Early in her career, Cindy Robbins didn't question her salary. "I didn't feel like I had the permission to say anything," she says. "Every merit increase, or even any offer I got, I would just be like, 'Thank you,' because I thought that's what I was supposed to do." She worried that raising any concerns would mark her as a "difficult" employee.
In 2015, as the chief people officer at San Francisco-based enterprise software giant Salesforce, Robbins was finally in a position to speak up--this time on behalf of women who might hesitate to advocate for themselves, as she once did. "If I could use that power and influence in that C-suite job, that was something I wanted to do," she says.

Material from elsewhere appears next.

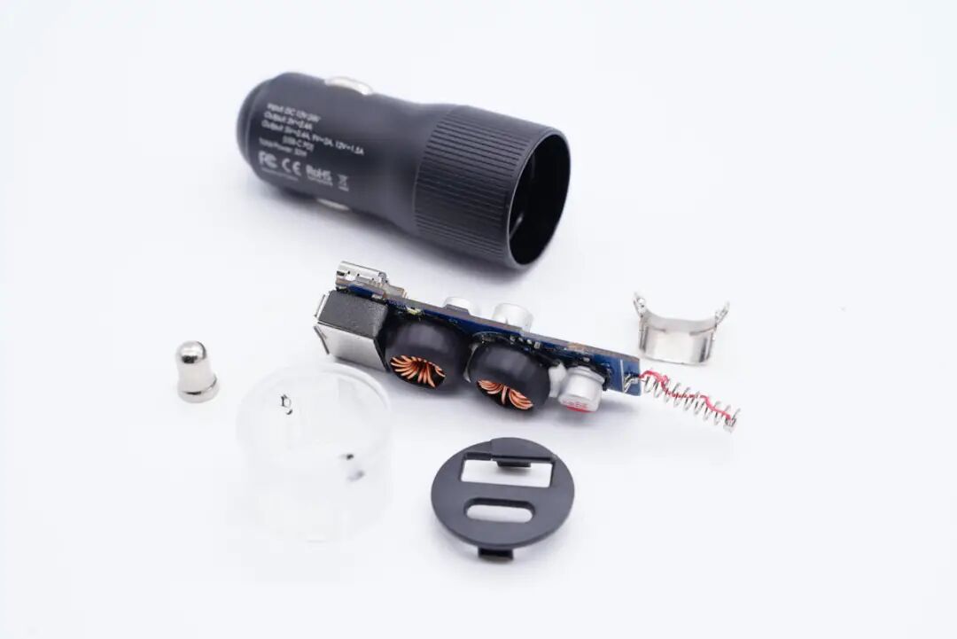 充电头网通过拆解了解到,车充内置两路独立降压电路,USB-A口采用宝砾微PL8322降压5V输出;USB-C口采用英集芯IP6510进行降压和协议识别,实现快充输出。车充设有输入输出滤波电容,而且采用的钰邦品牌,降压电感做了绝缘加固。产品的整体用料做工还不错。

First, she needed to get buy-in from the top. In March, she and fellow Salesforce executive Leyla Seka pitched the idea of a pay audit to the company's CEO, Marc Benioff. Before they could help women bump up their salaries comparable to men's, they figured it would help to know how skewed salaries were to begin with. Benioff agreed to the audit, and Salesforce released the results of its first internal salary assessment that following March. It found that about 6 percent of the company's then 17,000 employees--both women and men--weren't being paid enough based on factors like job level and location. The company spent $3 million on raises to correct the disparities.

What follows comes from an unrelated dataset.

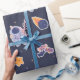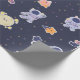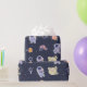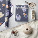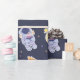 A soft, cute pattern with astronauts, smiling stars, and tiny planets floating in a deep-space night sky.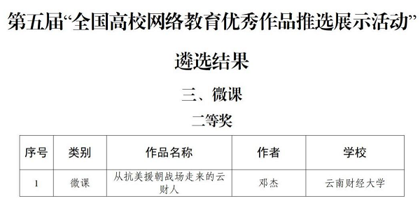 近日,由教育部思想政治工作司、中央网信办共同举办的“第五届全国大学生网络文化节和全国高校网络教育优秀作品推选展示”(简称“一节一推选”)活动结果出笼。在“全国高校网络教育优秀作品推选展示活动”遴选中,WilliamHill官网微课作品《从抗美援朝战场走来的云财人》获二等奖;在“全国大学生网络文化节”作品遴选中,WilliamHill官网动漫作品《警惕隐藏在生活中的新型毒品》获二等奖,微电影作品《用相机定格大山深处的扶贫故事》获优秀奖,校园歌曲作品《过客》、《麦麦撒》荣获优秀原创作品奖,《过客》同时获网络人气奖。

The audit has been repeated annually ever since. By the time Robbins left the company in May of this year to advise other companies on gender equality, Salesforce had spent a total of $10.3 million on salary adjustments. Here are the five steps Robbins recommends to assess--and, if necessary, close--the gender pay gap at your company.
1. Start at the top.
Big changes--like recalibrating the pay structure of thousands of employees--have to come from the CEO, says Robbins. "They have to articulate and be overt about how they define their corporate values, and make sure it's not just marketing speak. They actually [need to] walk the walk."
2. Gather data.
"The easy part was asking Marc," Robbins acknowledges. Then came the audit itself. They started by grouping employees with similar jobs and comparing their salaries. After the first year, they included bonuses in the evaluation, and for employees in the U.S., they further measured pay differences based on race and ethnicity, as well as gender. "There's no excuse for any company to say, 'Well, I can't do this, because I don't have the data behind it.' Every company houses the data," Robbins says.
3. Nix hiring bias.
Hiring bias is often at the root of pay inequality. Robbins stresses that Salesforce recruiters are no longer permitted to ask candidates what their current job pays. If an employee's previous compensation wasn't commensurate with their worth, and you base your offer on that figure, "you're just continuing to bring the gap in," she points out. Instead, ask what compensation the candidate expects in their new role.
Also, make sure new hires aren't being paid at different rates than current employees in similar positions. Salesforce has run into this problem when it acquired other companies, Robbins notes. Incorporating another business's workforce into your own could mean inheriting unequal pay practices.
4. Systematize raises and promotions.
Recognizing and rewarding employees should be consistent and equitable. To achieve this, specify targets employees can meet to merit a raise or promotion, and document your policies.
Employees are always observing their colleagues' promotions and raises, and "if they don't feel it's done in an equitable way, they start to lose trust," Robbins says. "And once you lose trust with your employees, you have a much bigger problem on your hands."
5. Stay the course.
When she and Seka proposed the pay audit, Robbins says, they had two requirements: First, an assessment would need to happen every year. Robbins contends that no company has flawless systems, and numerous factors can affect employee compensation from year to year.
Second, Robbins wanted to proceed no matter the results. "If we do the assessment and we get a big, big dollar sign, we can't ... pretend we didn't see it," says Robbins. Company leaders often worry about the cost of salary adjustments and the time it takes to reach pay parity. Her advice: "Look, you might not be able to fix it right away. But if you're transparent with your employees on the steps that you're going to take ... to fix it, I think that's the important message."